AlphaFold is moving from single proteins to real biology
Plus, we discuss the continued exodus to Claude, using AI to predict flash floods, what happens when failure is no longer owned, and all the news we found interesting this week.
It’s Sunday.
Time to torture your family with excited talk about AI.
Hey, maybe this newsletter will give you some talking points.
Enjoy!
The DAS Crew
Our Top AI Topics This Week
AI is starting to change how weather science gets done
Most people hear “AI weather” and think about better forecasts.
That is only half the story.
The more important shift is that AI is improving both the forecast itself and the way scientists work with the data behind it. That second part matters because weather and climate research has always required a painful amount of data wrangling. A researcher might know the scientific question they want to ask, but still need code, query logic, file handling, and model-specific knowledge before they can even begin.

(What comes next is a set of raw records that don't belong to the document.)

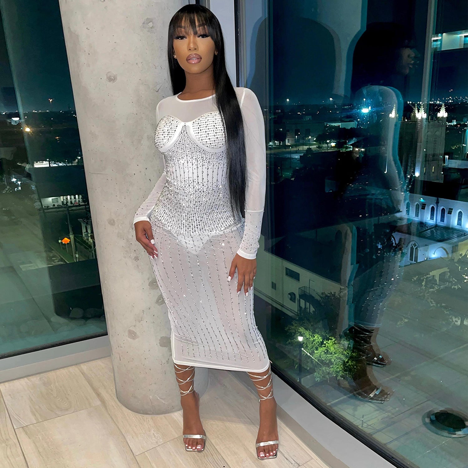 Damen Elegantes Glitzer-Maxikleid mit transparentem Oberteil und figurbetontem Schnitt Stalluxe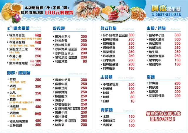 阿杰的菜單上大部分都有標出明確的價格,而部分的活體海鮮會是以「時價」計價,也可以依照人數請阿杰老闆推薦適合的料理,價格非常透明。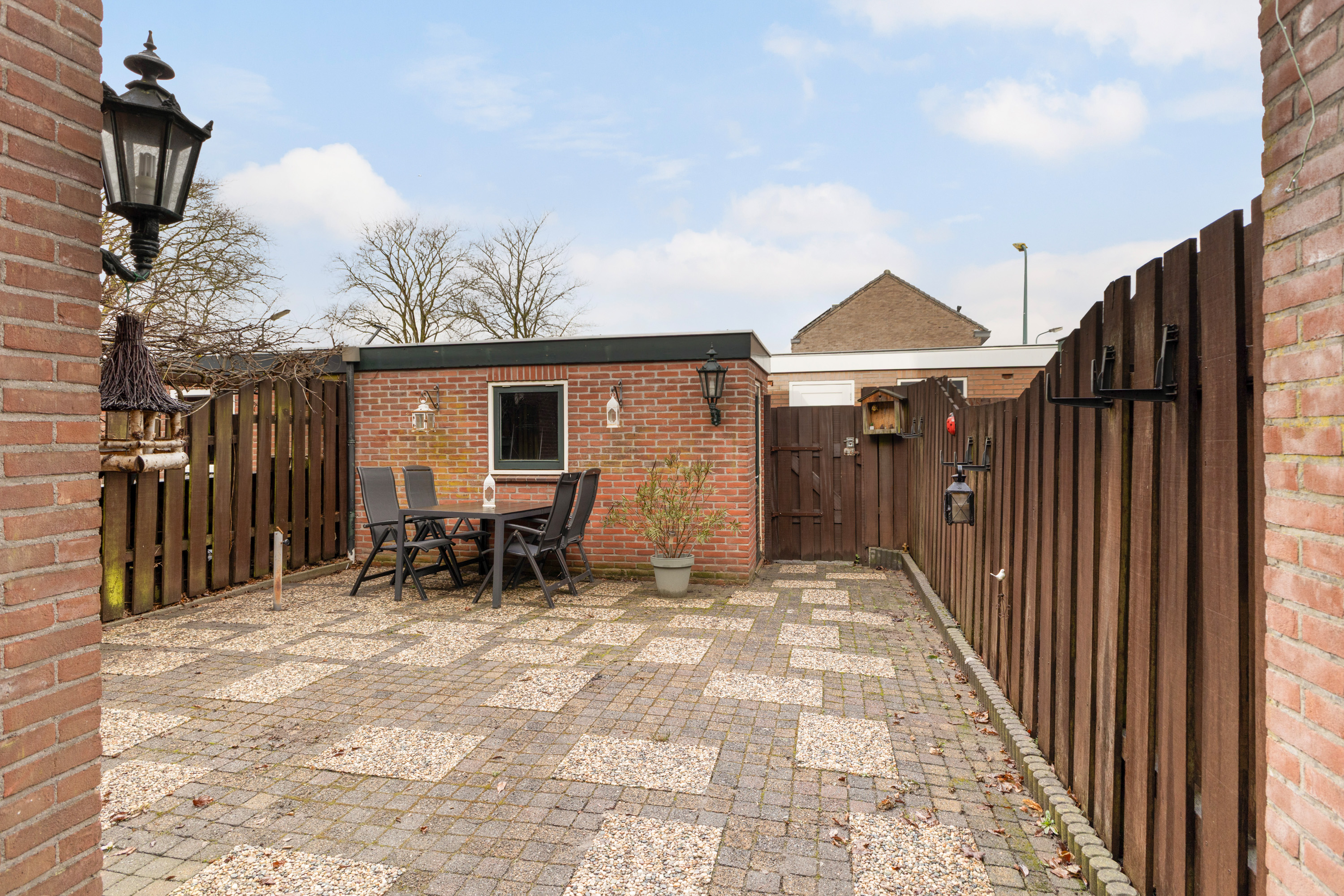 Achterin de tuin staat de stenen fietsenberging, voorzien van elektra. Daarnaast vind je de poortdeur naar de achtergelegen steeg met toegang tot de straat.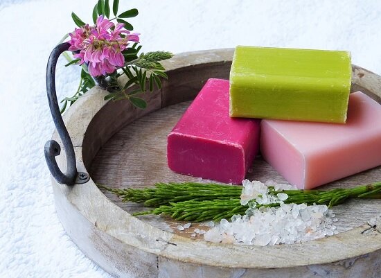 - В Древней Греции, где мыло было широко известно, в него иногда добавляли натуральные красители. Таким продуктом можно было пользоваться не только для мытья, но и для окраски волос, а также придания коже здорового оттенка.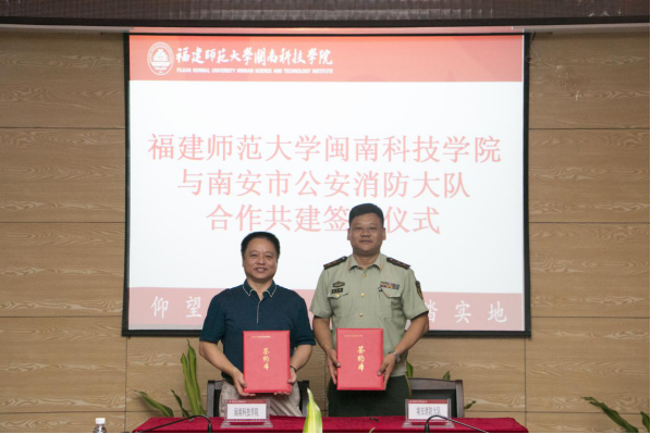 党委常务副书记林明旭、南安市公安消防大队政治教导员甘代辉分别代表双方在协议书上签字,南安市公安消防大队向我院颁授警校共建单位牌匾。

That bottleneck is starting to open.
A new UC San Diego project called Zephyrus points in that direction. The system lets researchers ask plain-English questions about weather and climate data, then translates those questions into the steps needed to retrieve, analyze, and explain the results. That is a big deal because it shifts more time back toward science and less time toward data plumbing.
At the same time, the forecasting side is also moving fast.
NOAA deployed new AI-driven global weather models earlier this year. One of them, AIGFS, uses a tiny fraction of the compute required by traditional systems while improving speed and helping forecasters, especially on hurricane track guidance. University of Washington researchers also showed an AI climate model that can simulate 1,000 years of current climate in about 12 hours on a single processor. That same task would take months on a supercomputer with conventional atmospheric modeling methods.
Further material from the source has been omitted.